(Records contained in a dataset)
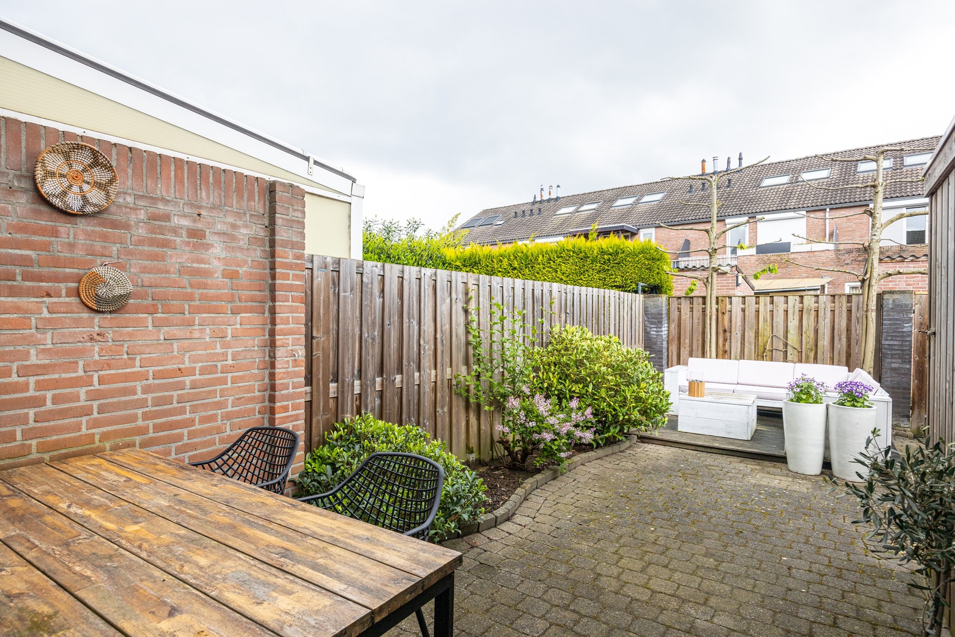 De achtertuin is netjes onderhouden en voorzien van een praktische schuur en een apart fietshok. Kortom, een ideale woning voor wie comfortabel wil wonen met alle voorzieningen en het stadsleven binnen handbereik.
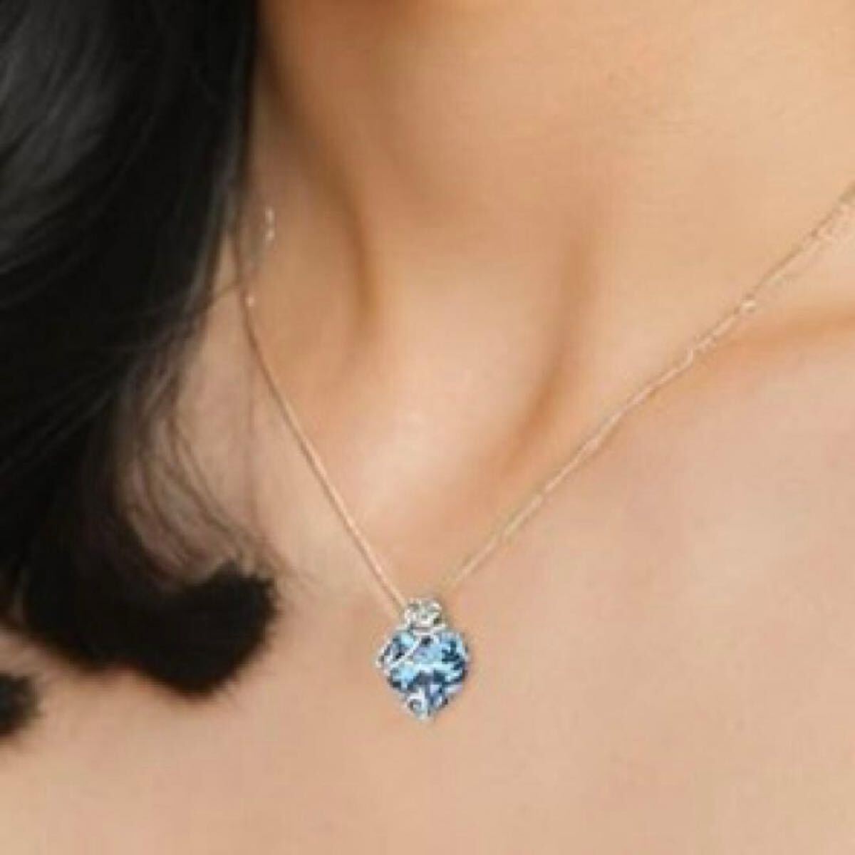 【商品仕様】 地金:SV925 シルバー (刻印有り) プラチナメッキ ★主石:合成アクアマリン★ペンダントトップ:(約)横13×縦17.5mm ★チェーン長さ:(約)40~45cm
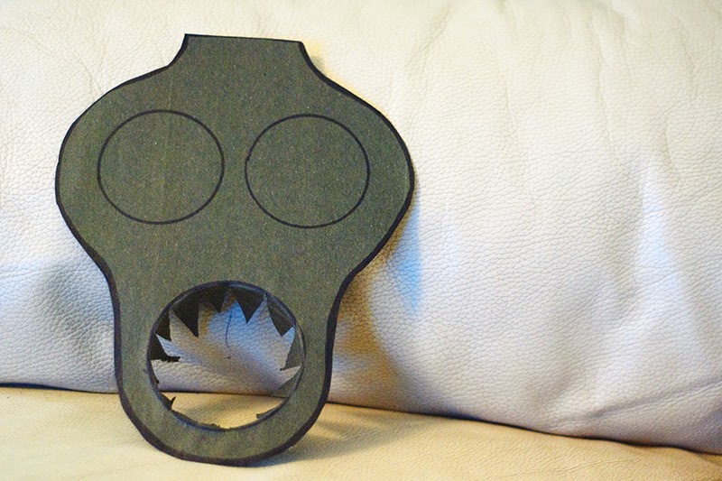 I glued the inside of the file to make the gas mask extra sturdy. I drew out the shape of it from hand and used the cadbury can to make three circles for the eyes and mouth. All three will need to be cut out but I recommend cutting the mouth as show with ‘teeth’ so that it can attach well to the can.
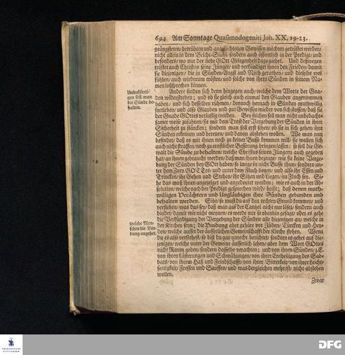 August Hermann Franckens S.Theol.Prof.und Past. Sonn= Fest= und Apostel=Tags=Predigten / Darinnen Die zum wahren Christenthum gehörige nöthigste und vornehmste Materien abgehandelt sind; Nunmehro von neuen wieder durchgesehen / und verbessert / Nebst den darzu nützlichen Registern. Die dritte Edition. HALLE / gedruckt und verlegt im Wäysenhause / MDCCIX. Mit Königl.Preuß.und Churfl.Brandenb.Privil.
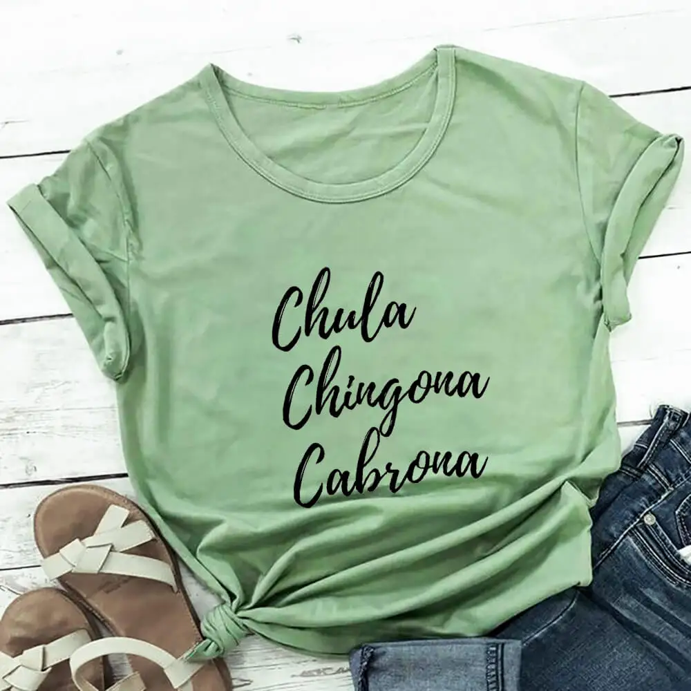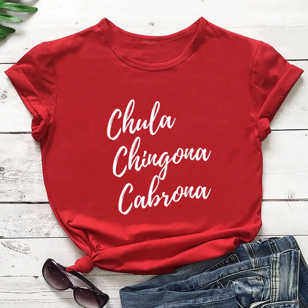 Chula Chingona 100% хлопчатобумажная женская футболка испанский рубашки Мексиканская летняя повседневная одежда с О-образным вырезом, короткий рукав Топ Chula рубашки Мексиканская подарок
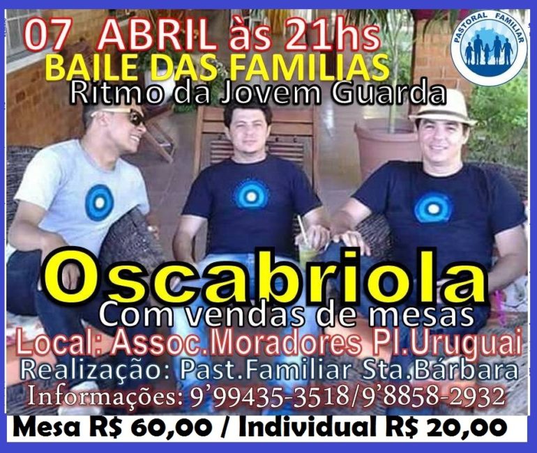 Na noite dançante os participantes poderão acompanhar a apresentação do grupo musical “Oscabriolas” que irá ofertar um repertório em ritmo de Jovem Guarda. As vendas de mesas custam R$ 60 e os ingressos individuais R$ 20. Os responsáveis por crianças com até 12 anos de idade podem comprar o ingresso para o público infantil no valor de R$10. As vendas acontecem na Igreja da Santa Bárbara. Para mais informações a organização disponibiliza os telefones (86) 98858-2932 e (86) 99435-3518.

__Instructions for the task__: Your reply should consist solely of the lines above from the line containing "プラチナメッキ ★主石:合成アクアマリン★ペンダントトップ:(約)横13×縦17.5mm ★チェーン長さ:(約)40~45cm" up to and including the line containing "I glued the", reproduced exactly, minus the pictures.

__Answer to the problem__:
 【商品仕様】 地金:SV925 シルバー (刻印有り) プラチナメッキ ★主石:合成アクアマリン★ペンダントトップ:(約)横13×縦17.5mm ★チェーン長さ:(約)40~45cm
 I glued the inside of the file to make the gas mask extra sturdy. I drew out the shape of it from hand and used the cadbury can to make three circles for the eyes and mouth. All three will need to be cut out but I recommend cutting the mouth as show with ‘teeth’ so that it can attach well to the can.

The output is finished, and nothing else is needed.